● **ACTIVITY**:
Return the listing below exactly. Leave its pictures out.

---------- INFORMATION SUPPLIED ----------

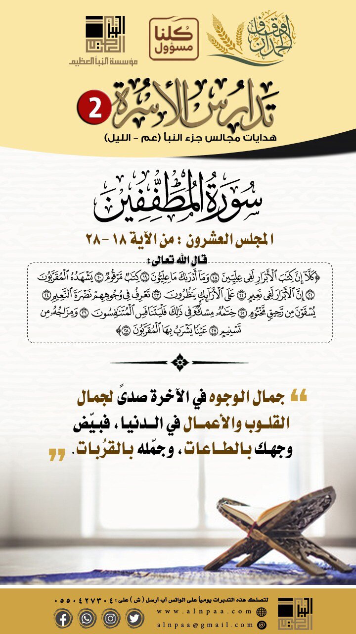 ▪️ كمَّلْ نفسك بالإيمان والعمل الصالح، وكمّل غيرك بالتواصي بالحق والتواصي بالصبر، لتسلم من الخسران وتفوز بال... المزيد
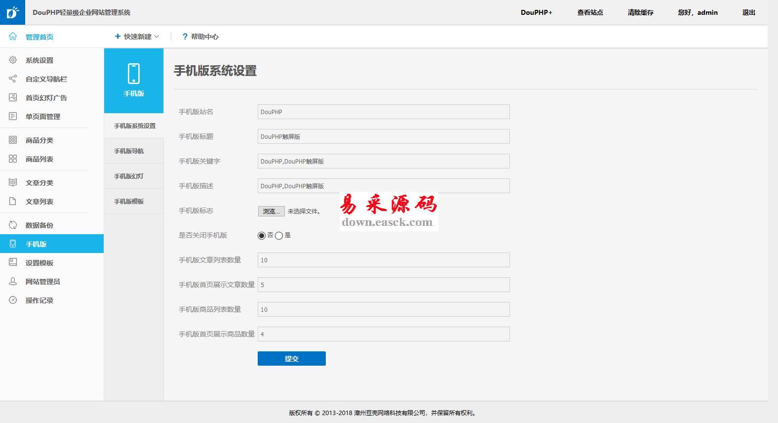 DouPHP轻量级企业网站管理系统 v1.3 Release 20170424DouPHP 是一款轻量级企业网站管理系统,基于PHP+Mysql架构的,可运行在Linux、Windows、MacOSX、Solaris等各种平台上,系统搭载Smarty模板引擎,支持自定义伪静态,前台模板采用DIV+CSS设计,后台界面设计简洁明了,功能简单易具有良好的用户体验,稳定性好、扩展性及安全性强,可通过后台在线安装模块,比如会员模块、订单模块等,可面向中小型站点提供网站建设解决方案。
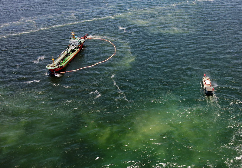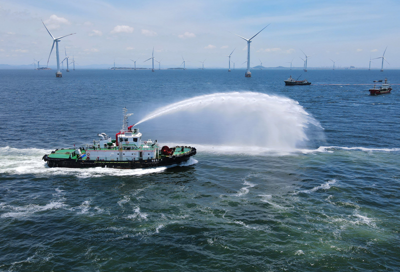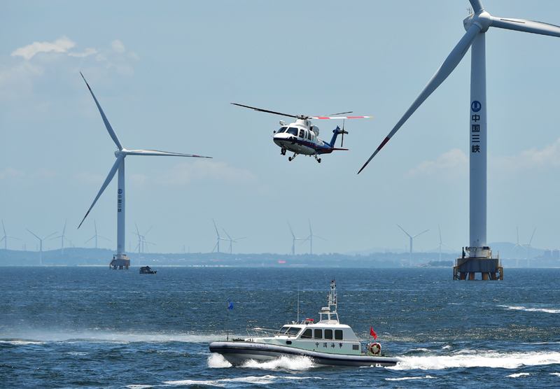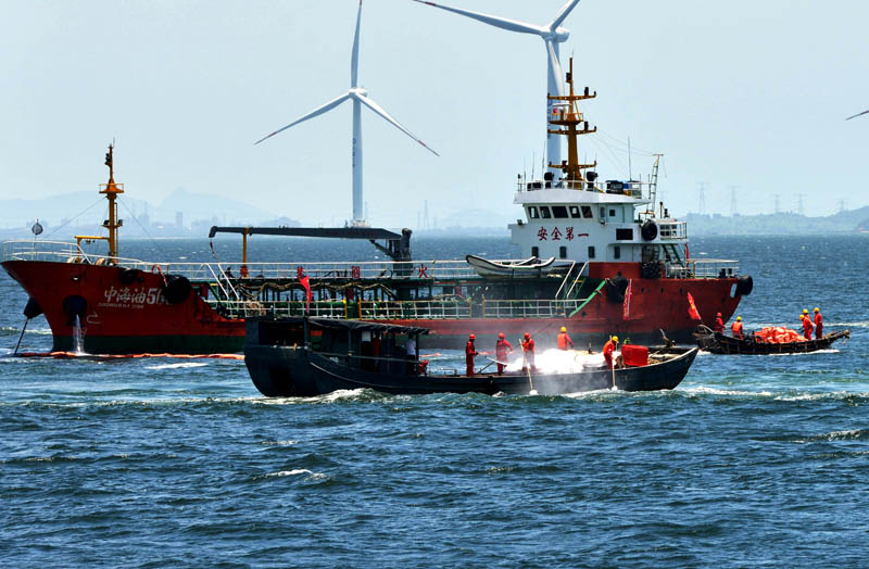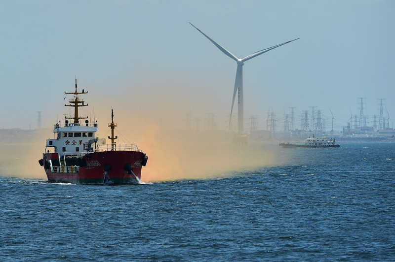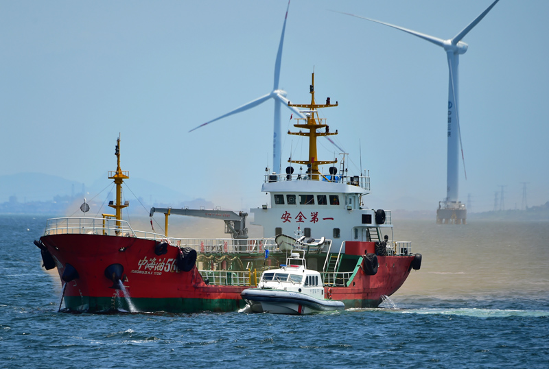 6月28日,一艘“载运”危化品的船舶模拟在进港途中触碰海上风电场风机平台,导致船上燃料油和危化品泄漏。(图片来源:新华社)

----------

● **SOLUTION**:
 ▪️ كمَّلْ نفسك بالإيمان والعمل الصالح، وكمّل غيرك بالتواصي بالحق والتواصي بالصبر، لتسلم من الخسران وتفوز بال... المزيد
 DouPHP轻量级企业网站管理系统 v1.3 Release 20170424DouPHP 是一款轻量级企业网站管理系统,基于PHP+Mysql架构的,可运行在Linux、Windows、MacOSX、Solaris等各种平台上,系统搭载Smarty模板引擎,支持自定义伪静态,前台模板采用DIV+CSS设计,后台界面设计简洁明了,功能简单易具有良好的用户体验,稳定性好、扩展性及安全性强,可通过后台在线安装模块,比如会员模块、订单模块等,可面向中小型站点提供网站建设解决方案。
 6月28日,一艘“载运”危化品的船舶模拟在进港途中触碰海上风电场风机平台,导致船上燃料油和危化品泄漏。(图片来源:新华社)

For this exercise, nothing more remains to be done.